Studies on Characteristic Reactions in the Chalcogeno -Baylis -Hillman Reactions

硫属元素-Baylis-Hillman反应中特征反应的研究

• 批准号: 12672056
• 负责人: KATAOKA Tadashi
• 金额: $ 2.18万
• 依托单位: Gifu Pharmaceutical University
• 依托单位国家: 日本
• 项目类别: Grant-in-Aid for Scientific Research (C)
• 财政年份: 2000
• 资助国家: 日本
• 起止时间: 2000 至 2001
• 项目状态: 已结题
• 来源: https://kaken.nii.ac.jp/grant/KAKENHI-PROJECT-12672056/
• 关键词: Baylis-Hillman reaction; sulfide; Lewis acid; Michael reaction; aldol reaction; halomethylene aldol; alkyne; β-haloacrylic acid ester

In order to overcome the drawback of the Baylis-Hillman reaction, "the slow rate," we developed the chalcogemde-TiCl_4-mediated tandem Michael-aldol reactions. The reactions had been deemed to be a chalcogene version of the Baylis-Hillman reaction, because the Baylis-Hillman adducts were given after purification of the products by the preparative TLC on silica gel. However, the initial products were α-chloromethyl aldols and were dehydrochlorinated during purification by the preparative TLC. The reactions of S-ethyl thioacrylate and keto esters gave much better results than the Baylis-Hillman reactions of ten. The reactions of acetylenic ketones and esters produced α-chloromethylene aldols. The chalcogenides were necessary for the reactions of α,β-unsaturated esters. The reactions of acetylenic ketones and esters and α-keto esters did not occur when tertiary amines were used as a catalyst instead of a Chalcogenide and TiCl_4.We next studied the reaction in which a chalcogenide worked as Lewis base and found that sulfanyl substituent intramolecularly added to an enone to form a cychc sulfomum betaine. The tandem Michael-aldol reactions of 1- [2-(methylsulfanyDphenyl]prop-2-en-1-one or the seleno congener with aldehydes in the presence of BF_3・E_2O gave the Baylis-Hillman adduct and onium salt, and 3-(α-hydroxybenzyl) selenochromanone from the seleno congener.
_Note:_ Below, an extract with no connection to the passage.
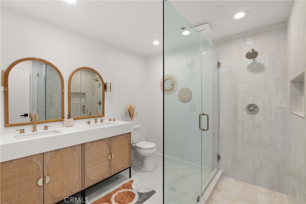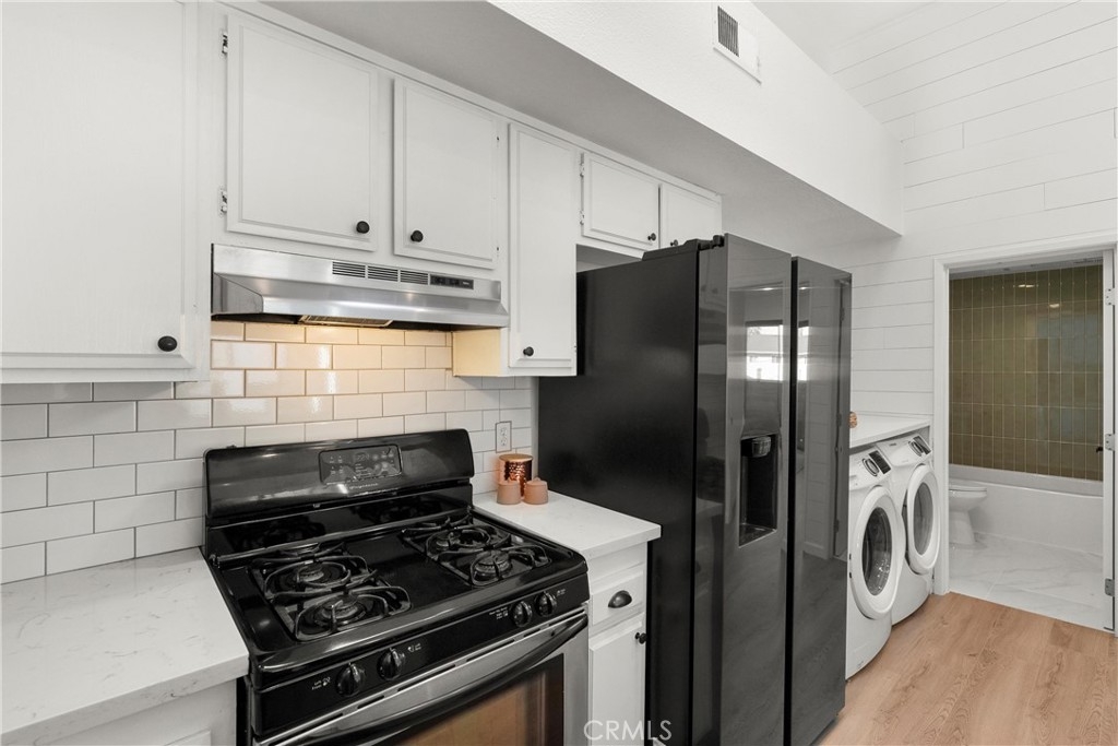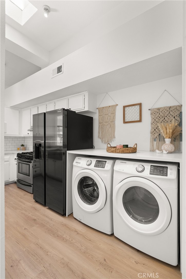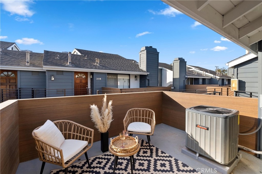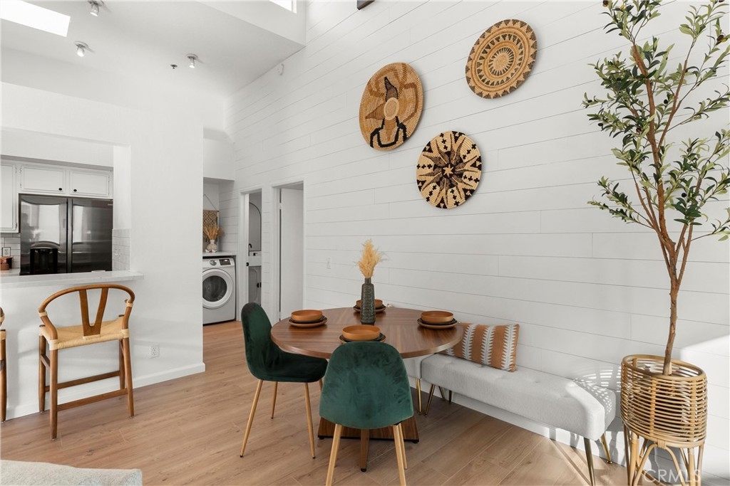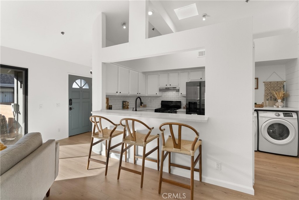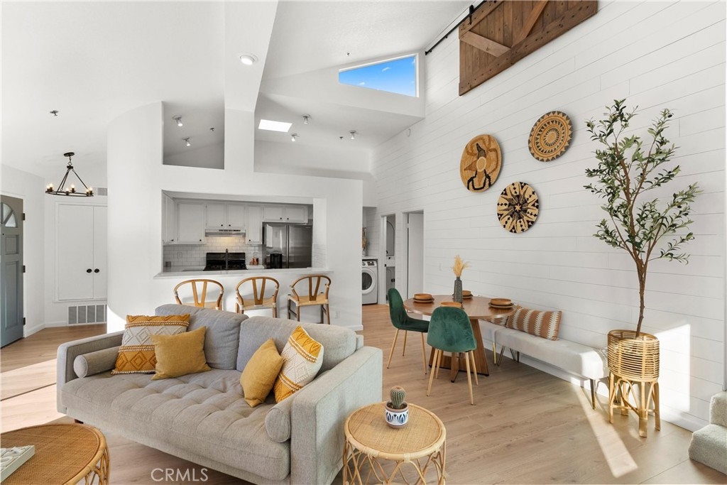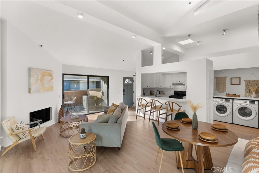 Welcome to your charming new home conveniently located in the heart of Costa Mesa. This beautifully renovated condo offers 1,008 square feet of luxurious living space. Step inside to an open concept living and dining area with vaulted ceilings and abundant natural light from brand new windows. The new laminate flooring flows throughout, creating a warm inviting atmosphere. The kitchen and living area are perfect for entertaining, with access to a charming deck—ideal for a relaxing nightcap. The primary ensuite is a sanctuary with new mirrored closet doors, a luxuriously renovated bathroom, oversized walk-in shower, double vanity, and quartz countertops. This unit also features a second full bathroom (a rare find!) with a custom vanity and tub. Enjoy modern conveniences like new central AC, brand new water heater, subterranean parking garage, and an in-unit washer/dryer. Centrally located, this gem offers easy access to all Costa Mesa has to offer. Experience elegance and comfort in this stunning residence.

为了克服Baylis-Hillman反应速度慢的缺点，我们开发了氯化钛介导的串联Michael-aldol反应。这些反应被认为是一个硫原版的Baylis-Hillman反应，因为Baylis-Hillman加合物是在硅胶制备层析纯化产物后得到的。但初始产物为α-氯甲基醛，在制备层析纯化过程中被脱氢氯化。硫代丙烯酸s-乙酯与酮酯的反应比贝里斯-希尔曼反应的效果好得多。乙炔酮与酯反应生成α-氯甲基醛。硫族化合物是α，β-不饱和酯反应所必需的。叔胺代替硫系化合物和TiCl_4催化剂时，不发生乙炔酮酯和α-酮酯的反应。接下来，我们研究了硫族化合物作为刘易斯碱的反应，发现在分子内，磺胺基取代基加入到烯酮上，形成环磺胺甜菜碱。在BF_3·E_2O的存在下，1-[2-（甲基磺酰二苯基）2-烯-1- 1或硒同族物与醛的串联Michael-aldol反应得到bayls - hillman加合物和铵盐，并从硒同族物中得到3-（α-羟基苄基）硒代romanone。

项目成果

T.Kataoka,T.Iwama,H.Kinoshita,T.Iwamura,S.Watanabe: "Chalcogenide-TiCl_4-mediated Reactions of S-Ethyl Thioacrylate with Aldehydes"J.Organomet.Chem.. 611. 455-462 (2000)

T.Kataoka,T.Iwama,H.Kinoshita,T.Iwamura,S.Watanabe：“硫族化合物-TiCl_4介导的S-硫代丙烯酸乙酯与醛的反应”J.Organomet.Chem.. 611. 455-462 (2000)
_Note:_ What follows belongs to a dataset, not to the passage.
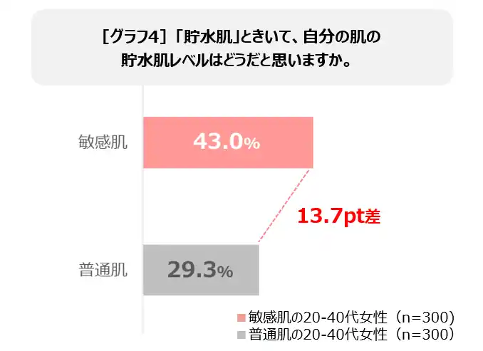 「貯水肌」ときいて、自分の肌の貯水肌レベルはどうだと思いますか、という質問に対して、敏感肌の人の4割以上(43.0%)が「貯水肌レベルは低いと思う」と回答し、普通肌の人(29.3%)と比べると13.7ptも多いことがわかりました[グラフ4]。 |
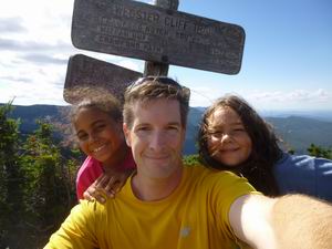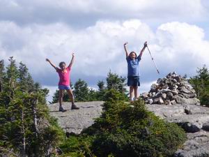 The girls on Mt. JacksonThe trip to Mt. Jackson had a few minor ups and downs, a well bridged high bog, and a few brief views of the summit ahead of us. In about an hour we reached the final ledgy pitch to the summit and I had the pleasure of watching two tired faces light up as they neared the summit of their first “big” mountain. The closer we got to the summit the faster the girls went until I saw them both, arms upraised, by the summit cairn about 100’ ahead of me. Girls summiting JacksonI quickly joined them and spent about an hour looking up at the Presidential Range, looking down at places we had been, making friends with bugs, and practicing our latest dance routines. Mts Ike and Washington from JacksonAs much as I knew the girls would enjoy summiting I was surprised at the amount of joy and excitement they exhibited. For the first time, this wasn’t just “Dad’s thing”; it had become a true family experience. Matt and girls on Jackson |

T. Kataoka, S. Kinoshita, H. Kinoshita, M. Fujita, T. Iwamura, S. Watanabe: "Selfassisted Tandem Michael-aldol Reactions Mechanism of α,β-Unsaturated Ketones with Aldehydes"Chem. Commun.. 1958-1959 (2001)

T. Kataoka、S. Kinoshita、H. Kinoshita、M. Fujita、T. Iwamura、S. Watanabe：“α,β-不饱和酮与醛的自辅助串联迈克尔-醛醇反应机制”化学。 1958-1959 (2001)

T. Iwamura, M. Fujita, T. Kawakita, S. Kinoshita, S. Watanabe, T. Kataoka: "Dimethyl Sulfide-boron tribromide-mediated Reactions of α,β-Unsaturated Ketones with Aldehydes : One-pot Synthesis of Baylis-Hillman Adducts and α-Halomethyl Enones"Tetrahedron. 5

T. Iwamura、M. Fujita、T. Kawakita、S. Kinoshita、S. Watanabe、T. Kataoka：“二甲基硫醚-三溴化硼介导的 α,β-不饱和酮与醛的反应：Baylis-的一锅合成Hillman 加合物和 α-卤甲基烯酮"四面体。5

T.Kataoka, H.Kinoshita, S.Kinoshita, T.Iwamura, S.Watanabe: "A Convenient Synthesis of α-Halomethylene Aldols or β-Halo-α-(hydroxyalkyl)-acrylates Using the Chalcogeno-Baylis-Hillman Reaction"Angew.Chem.Int.Ed.. 39. 2358-2360 (2000)

T.Kataoka、H.Kinoshita、S.Kinoshita、T.Iwamura、S.Watanabe：“利用 Chalcogeno-Baylis-Hillman 反应方便合成 α-卤代亚甲基醛醇或 β-卤代-α-(羟烷基)-丙烯酸酯” Angew.Chem.Int.Ed. 39. 2358-2360 (2000)

T.Kataoka,H.Kinoshita,T.Iwamura,S.Watanabe,G.Tanabe: "Reexamination of Products and the Reaction Mechanism of the Chalcogeno-Baylis-Hillman Reaction"Tetrahedron. 56. 4725-4731 (2000)

T.Kataoka，H.Kinoshita，T.Iwamura，S.Watanabe，G.Tanabe：“硫族-Baylis-Hillman反应的产物和反应机理的重新检验”四面体。